Landscape historian John Dixon Hunt will deliver the Kenneth I. Helphand Endowed Lecture in Landscape Architecture on Thursday, February 19, at 6 p.m. in Lawrence Hall Room 177, 1190 Franklin Boulevard in Eugene. A reception at 5:30 p.m. precedes the lecture. The event is free and open to the public.
Hunt is professor emeritus of landscape history and theory at the University of Pennsylvania and former director of Studies in Landscape Architecture at Dumbarton Oaks, in Washington, D.C. His lecture in Eugene is entitled "design is of things not yet appearing": gardens and landscapes on paper.
The founding editor of Studies in the History of Gardens and Designed Landscapes, Hunt has published widely and to great critical acclaim. Recent books include Historical Ground: The Role of History in Landscape Architecture (Routledge, 2014), and The World of Gardens (University of Chicago, 2012).

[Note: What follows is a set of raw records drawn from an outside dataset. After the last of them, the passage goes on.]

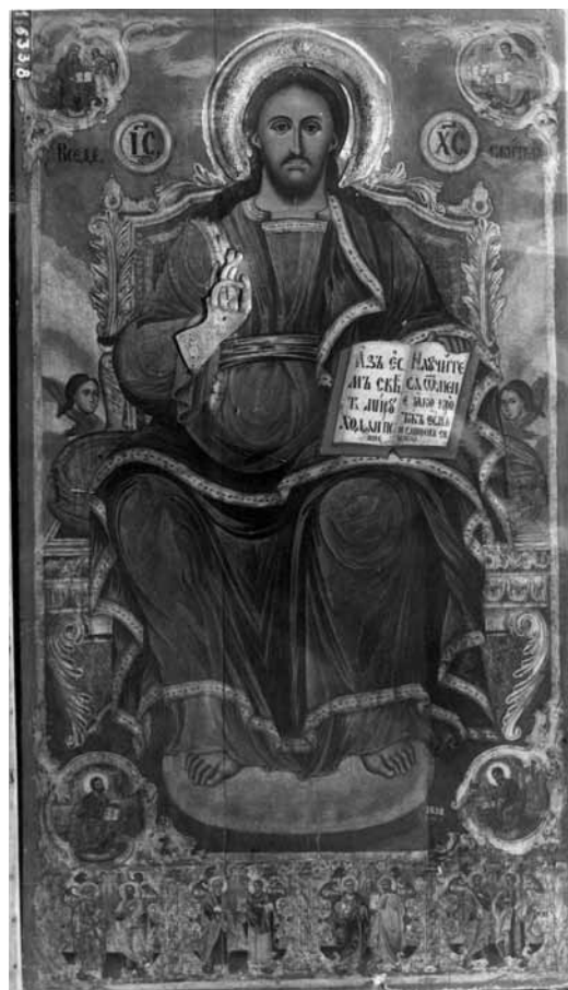
Сл. 6. Исус Христос, црква Св. Благовештение, Прилеп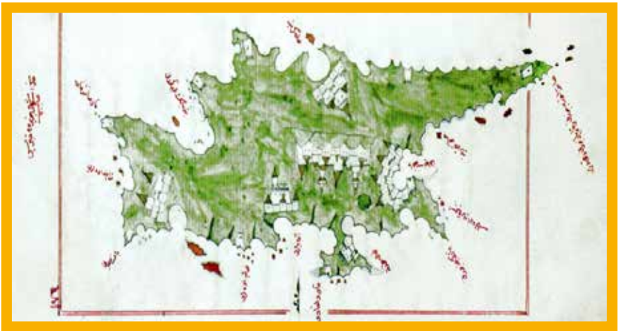
Piri Reis'in Kitâb-ı Bahriyye'sinde Kıbrıs'ı gösteren harita

Kıbrıs Adası'ndaki İngiliz yönetimi ise, Osmanlı İmparatorluğu'nun 1878'de adayı İngiltere'ye kiralamasıyla gerçekleşmiştir. Bu kiralama süreci de Osmanlı İmparatorluğu'nun özellikle Balkanlar, Karadeniz, Doğu Anadolu toprakları Rus tehdidi altına girmesi ve Kırım Savaşı ile başlamıştır. İngilizler adaya İngiliz kraliçesi tarafından atanan Sir Garnet Wolseley komutasında bir kuvvetle 22 Temmuz 1878'de Larnaka'dan çıktı. Adada bir direniş olmaması için padişah fermanı gönderildi ve İngiliz subaylar bu fermanı birer örnek ile adaya çıktılar ve Kıbrıs'taki 308 yıl süren Türk egemenliği tamamen bitmiştir.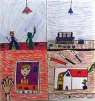
Αβράμη Μιχαηλία Παναγιώτα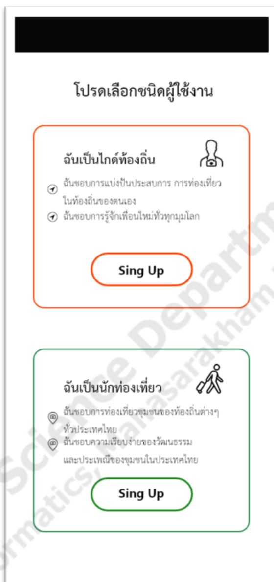
ภาพประกอบที่ 1.4 หน้าเลือกประเภทสมัครสมาชิก

ผู้ใช้งานทั่วไป สามารถเลือกที่จะสมัครสมาชิกเพื่อเป็นนักท่องเที่ยว หรือสมัครเป็นไกด์ได้ ดังภาพประกอบที่ 1.4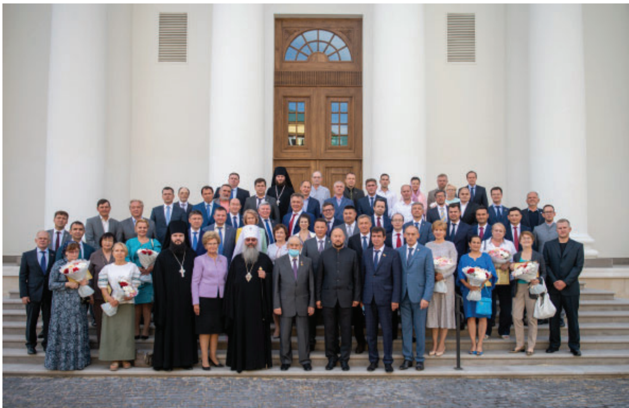
Рис. 3. Участники торжественной встречи в честь воссоздания Собора Казанской иконы Божией Матери.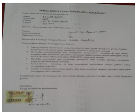
Gambar 3. Orangtua menandatangani surat pernyataan

Pelaksanaan pembelajaran tatap muka yang telah dirancang oleh lembaga PAUD harus mendapatkan izin dari orangtua peserta didik. Sebagaimana yang dikemukakan salah seorang guru bahwa orangtua peserta didik harus setuju dengan pelaksanaan pembelajaran tatap muka dan menandatangani surat pernyataan (Wawancara, Ibu guru M, 10 Desember 2020). Respon orangtua peserta didik terkait dengan pelaksanaan pembelajaran tatap muka ini sangat setuju, sesuai hasil wawancara dengan salah seorang orangtua bahwa kami sangat setuju dengan pelaksanaan pembelajaran tatap muka di sekolah dengan penerapan protokol kesehatan (Wawancara ST, 10 Desember 2020). Hal lain diungkapkan oleh orangtua peserta didik bahwa kami senang jika pembelajaran tatap muka lagi, anak-anak kami sudah lama belajar di rumah, kami takut anak kami jenuh dalam belajar karena anak-anak belajar sendiri di rumah. Olehnya itu kami menandatangani surat pernyataan kesediaan untuk anak-anak belajar tatap muka lagi di sekolah (Wawancara H, 10 Desember 2020). Surat pernyataan kesediaan orangtua disiapkan oleh lembaga PAUD beserta materai untuk ditanda tangani oleh orangtua sebagaimana terlihat pada gambar 3, surat pernyataan kesediaan orangtua yang ditanda tangani di atas materai sebagai salah satu syarat untuk pembelajaran tatap muka.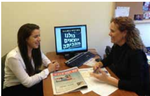
גל עם ח"כ יפעת קריב, כשמועצת התלמידים הארצית השביתה את הלימודים בינואר השנה.

זה עדיין טוב וזה שווה. אני מוצאת את עצמי לומדת בלילות ואני מפסידה לא מעט ימי לימודים, בגלל שאני המון בכנסת והדיונים בבוקר; מועצת התלמידים הארצית היא חברה קבועה בוועדת חינוך, בוועדה לזכויות הילד, בוועדת הכלכלה ולמעשה, משתתפת בכל מה שקשור בנוער, למעט ועדת חוץ וביטחון. בנוסף, אני לא מוותרת על ריקודי ההיפ הופ."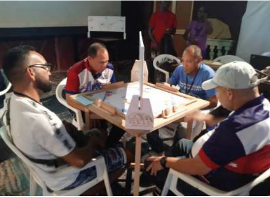
Olbis (extremo izquierdo) venció en la modalidad individual.

Desde el punto de vista competitivo el Clásico del Guaso 2025 fue otro gran torneo, pero lastimosamente adoleció del apoyo institucional, lo que provocó que ni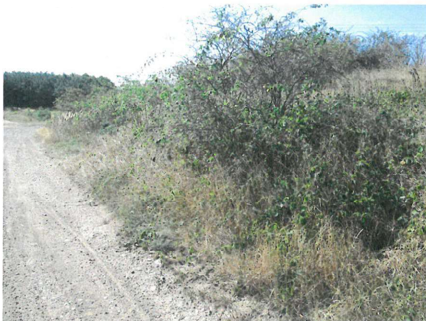
keře – P2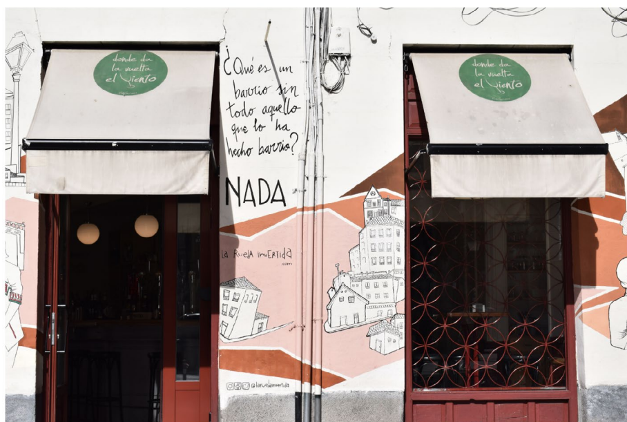
Figura 3. Grafiti Identidad Flotante (Grafiti 2)

En este marco, la frase «Luchando por la VISA», que aparece en el grafiti analizado y hace alusión a los papeles de residencia, es alterada con una intervención que modifica la letra «S» por la «D» y cambia el sentido de la frase, al ser vinculada con la lucha de los inmigrantes por la propia «VIDA» o por sobrevivir. En ese mensaje se entrecruzan sentidos sobre las políticas de control y vigilancia que operan sobre la «ilegalidad» de los pobladores africanos y, al mismo tiempo, su situación de desempleo que los ubica entre los grupos extranjeros más golpeados (Observatorio Permanente de Inmigración [OPI], 2010), y con pocos recursos para acceder a una vivienda y a otros servicios sociales básicos como la sanidad y la educación.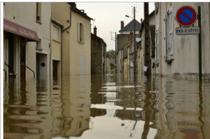
Inondation au 1er juin 2016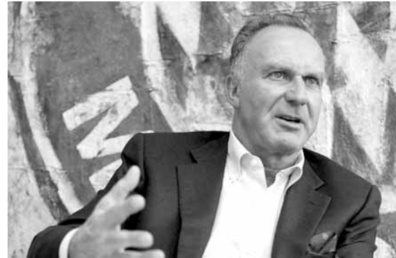
كارل هاينز رومينغّه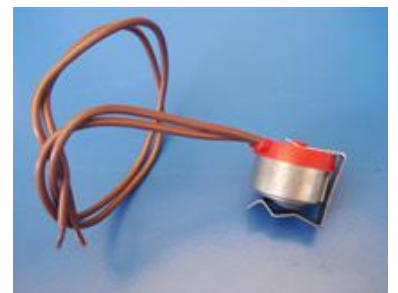
טרמוסטט ניתוק גוף חימום של מקפיא

א. ההשפעה על הקדמת ההפשרה היא בדרך כלל בסופו של תהליך ארוך וממושך לאחר סידרה ארוכה של מחזורי פעילות (ועי' בתשובת הגרשז"א הנ"ל (אות ג) שכתב לגבי השפעה דומה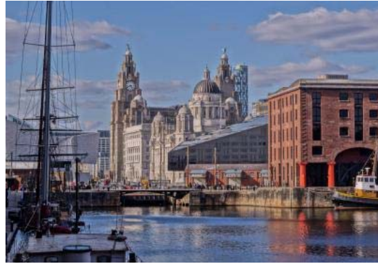
Les docks de Liverpool © shaunjeffers https://www.lonelyplanet.fr/article/5-raisons-daller-passer-un-week-end-liverpool

http://www.villes.co/royaume-uni/ville_liverpool_L26.html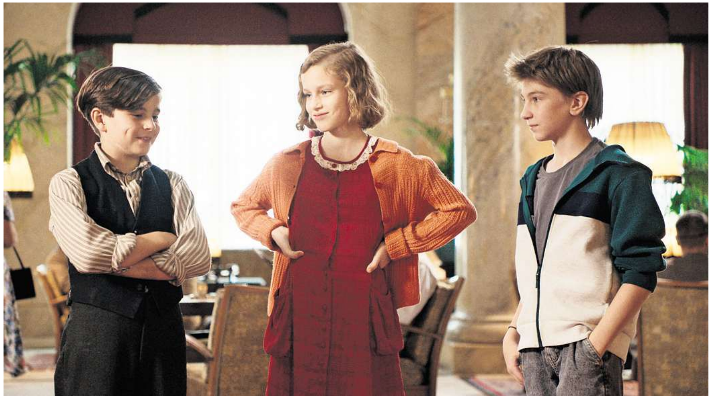
Szene aus „Das geheime Stockwerk“.

Viele weitere, spannende Neuigkeiten aus der lokalen Kulturszene finden Sie in der aktuellen Ausgabe unseres Partnermediums magaScene, monatlich frisch gedruckt und kostenlos an über 500 Auslegestellen in Hannover oder online auf www.magaScene.de inklusive Download-Möglichkeit.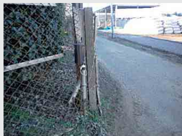
交通量の多い道路を挟んで牧場や飼料畑があります。作業者の飛出し防止のため、道路を挟んで光センサーを設置しています。

また、危険な範囲に囲いなどを設置して立ち入れないようにしたり、作業機械を改良したりします。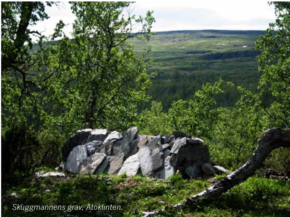
Skuggmannens grav, Atoklinten.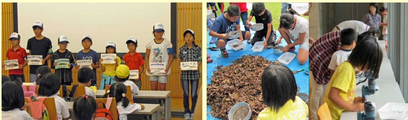
昨年の発表会・特別企画の様子（灘浜サイエンススクエア）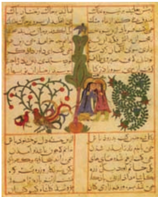
تصویر ۱۹- منظومه ورقه و گلشاه، مکتب سلجوقی، اوایل سده هفتم هجری، موزه توپ‌کاپی، استانبول

از اواخر دوره سلجوقی به بعد، تصویر سازی کتاب (نگارگری) در ایران مورد اقبال بیشتری قرار گرفت. ادبیات ایران به دلیل جذابیت‌های داستانی، نقش مهمی در رواج نگارگری داشت و کم‌کم مصور سازی کتاب‌های ادبی مورد توجه قرار گرفت. کتاب‌های شاهنامه فردوسی، پنج گنج نظامی، بوستان و گلستان سعدی، کلیله و دمنه و بعضی از کتاب‌های تاریخی، علمی و مذهبی به زمینه هنر نمایی نگارگران تبدیل شد و در پی این علاقمندی مکاتب نگارگری سلجوقی، ایلخانی (مکتب اول تبریز و شیراز)، تیموری (هرات، شیراز)، صفوی (مکتب دوم تبریز، قزوین، اصفهان) و زند و قاجار به وجود آمد. نگاره‌های عهد سلجوقی کوچک اندازه و تزئینی بودند و در وسط صفحه‌ها نقش می‌شدند (تصویر ۱۹).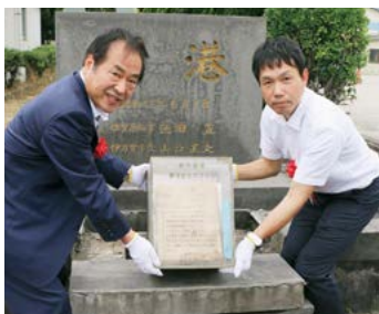
開港記念タイムカプセル開封 (6月1日)

50年前、開港を記念して埋設されたタイムカプセルを開封。埋設した当日の新聞や写真など当時を記す貴重な資料が次々に取り出され、関係者からは歓声が上がりました。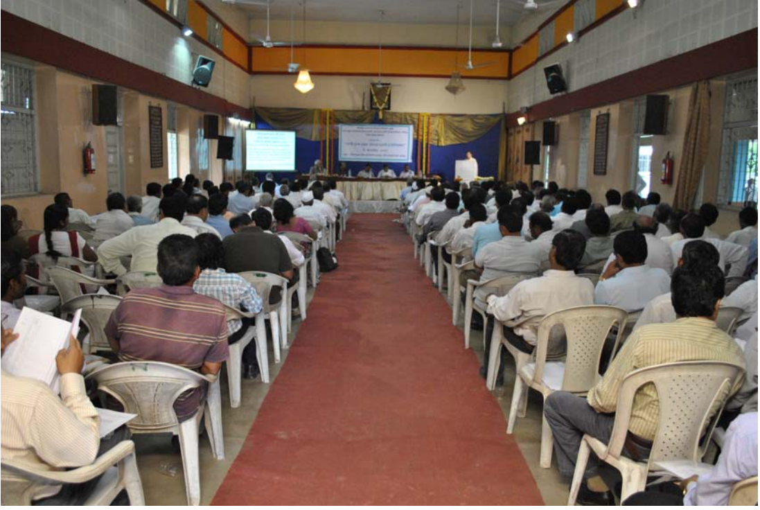
मजनिप्रा व वाल्मी यांनी पाणी वापर हक्कदारी व विनियम यावर दि. १७/०९/२०११ रोजी आयोजित केलेली नागपूर विभागीय कार्यशाळा

Nagpur Regional Workshop on Water Use Entitlement & Regulation on date 17/09/2011 organised by the MWRRA & WALMI

Hunt’s current research centers on the roles of history and typology in contemporary landscape architecture. He coedited the six-volume A Cultural History of Gardens (Bloomsbury, 2013), and edited the Modern volume and contributed the chapter on "Design" to the Mediaeval volume.
He has received numerous honors and awards including the title of Chevalier of the Order of Arts and Letters by the French Ministry of Culture (for exceptional endeavors in landscape architecture), election to the Istituto Veneto di Scienze, Lettere ed Arti in Venice, and a residency at the American Academy in Rome. He received his PhD from Bristol University.
Born in England, Hunt began his academic career focusing on English literature, teaching the subject and writing articles and books on topics ranging from T.S. Eliot to a critical commentary on Shakespeare’s “The Tempest.” His focus later shifted to landscape history, authoring books including Garden and Grove: The Italian Renaissance Garden in the English Imagination: 1600-1750 (J. M. Dent, 1986), Greater Perfections (University of Pennsylvania Press, 1999), Picturesque Garden in Europe (Thames & Hudson, 2002), and The Afterlife of Gardens (University of Pennsylvania Press, 2004).
His teaching career includes positions at the University of Michigan, Vassar College, Exeter, and elsewhere. He became professor at the University of Pennsylvania in 1994, serving as department char of landscape architecture and regional planning and interim dean. He serves as a visiting professor in landscape architecture at the Harvard University Graduate School of Design.
The Kenneth I. Helphand Endowed Lecture in Landscape Architecture is sponsored by the Department of Landscape Architecture. The lecture is free and open to the public.